Porting Rust Benchmarks To Criterion

A few weeks ago, I set out to convert bytecount’s benchmarks to criterion, a statistics-driven benchmarking framework started by Jorge Aparicio and maintained by Brook Heisler.

Before, bytecount used bencher for its benchmarks, which is a straight port of the unstable, nightly-only std::test benchmark framework, extended to work with stable Rust. This was a great benefit compared to std::test, because now we could benchmark on all Rust versions (stable, beta, nightly, some specific version) without needing to fear regressions.

Being a data engineer, I always wanted to try criterion since I first heard of it, so when Brook took over maintenance of the project and made some critical usability improvements, I finally dug in and converted our benchmarks.

First, the good news: The usability benefits translate into the removal of a lot of macros. Where we needed one benchmark function per benchmark size, we can now specify a suite of functions and a slice of sizes, and Criterion will take care of the rest. Neat!
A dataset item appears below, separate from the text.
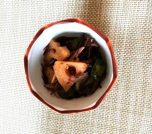 ひじきは水で戻す。ひじきはさっと茹でる。レンコンはいちょう切りにしてさっと茹でる。玉ねぎは薄切りにして水にさらす。きゅうりは輪切りにして塩もみする。

The statistics part means that criterion is generally somewhat slower than bencher, but the results are very likely more reliable. And we can get pretty graphs – who doesn’t love those?
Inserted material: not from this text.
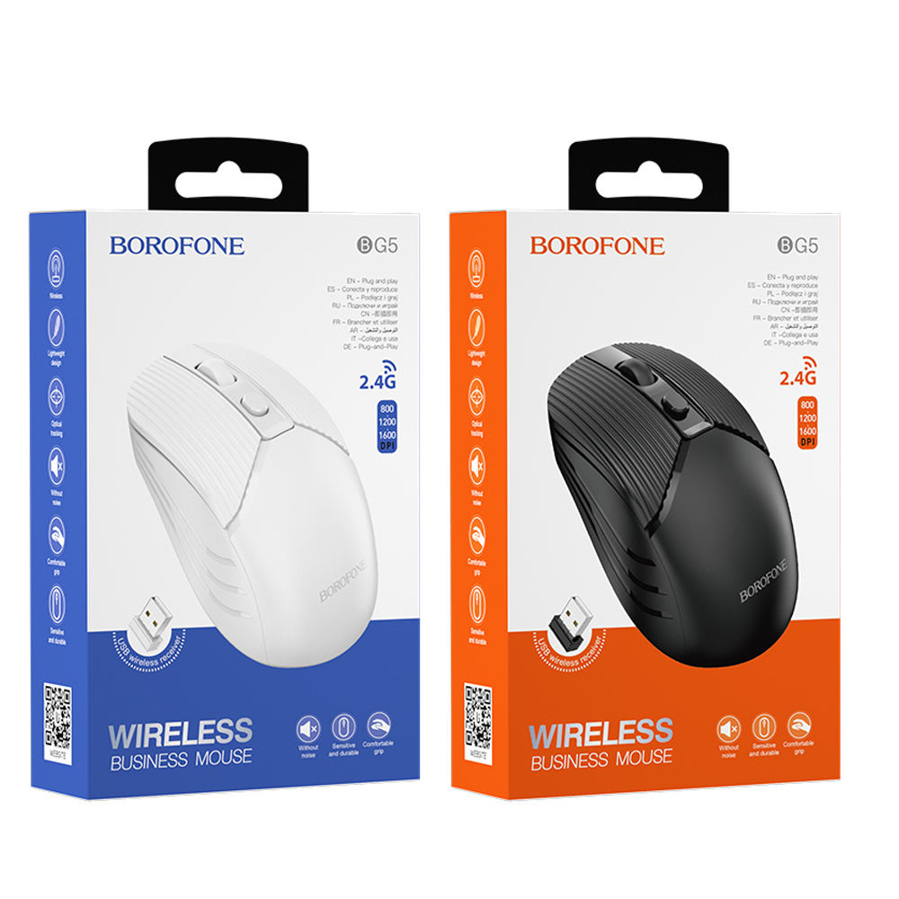 Мышь беспроводная Borofone, BG5, 1600dpi, 4 кнопки, USB, цвет: чёрный (6974443382990)

Second, the bad news: I had a hard time convincing both Travis and AppVeyor to run our Criterion.rs benchmarks. Especially with larger byte slices, we get in the realm of a macrobenchmark, so the statistical rigor isn’t really needed here, but makes us run against various build timeouts.
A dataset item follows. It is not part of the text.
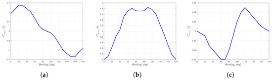 Wind load coefficients of the ASV in different headings. (a) . (b) . (c) .

Luckily, since we no longer need to know the benchmark sizes at compile time, we can supply them via a commandline argument at runtime – this is also a win for quick tests. Also the defaults are pretty solid for running your own benchmarks, but too heavy for a CI, so I had to reduce warmup and measurement time and the number of resamples. I also disabled graph generation on CI, because we don’t do anything with the results anyway.

So how does one convert Rust benchmarks to criterion?

First, you no longer need #[bench] attributes on functions. Those we had already removed when switching to the bencher crate. Instead, you need to declare criterion_group!(..)s and one criterion_main!(..) with all group names at the end of your benchmark file. The latter has but one syntax, it just takes a list of group names. The former has two syntax variants. In bytecount, we use the more complex one, that allows us to configure the Criterion runner for this group, but for most benchmarks the first form will be sufficient. The benchmark functions get the Criterion object and can set up and run the benchmarks programmatically:

fn target(criterion: Criterion) {
    criterion.bench("target",
        Benchmark::new("foo", ..));
}

criterion_group!(group_name, target);
criterion_main!(group_name);

This is pretty similar to Bencher, apart from the indirection in the target, which allows us to introduce multiple input values, comparisons, etc.

The verdict: Criterion is a tad more complex than Bencher. It certainly has the better statistics (though it could in theory improve even more), and allows for finer-grained control, but the complexity still comes at a cost – in this case runtime, especially on larger/slower benchmarks. Perhaps Brook should introduce a compatibility layer that allows bencher-benchmarks to run with criterion unchanged – this would allow folks to cheaply test before switching.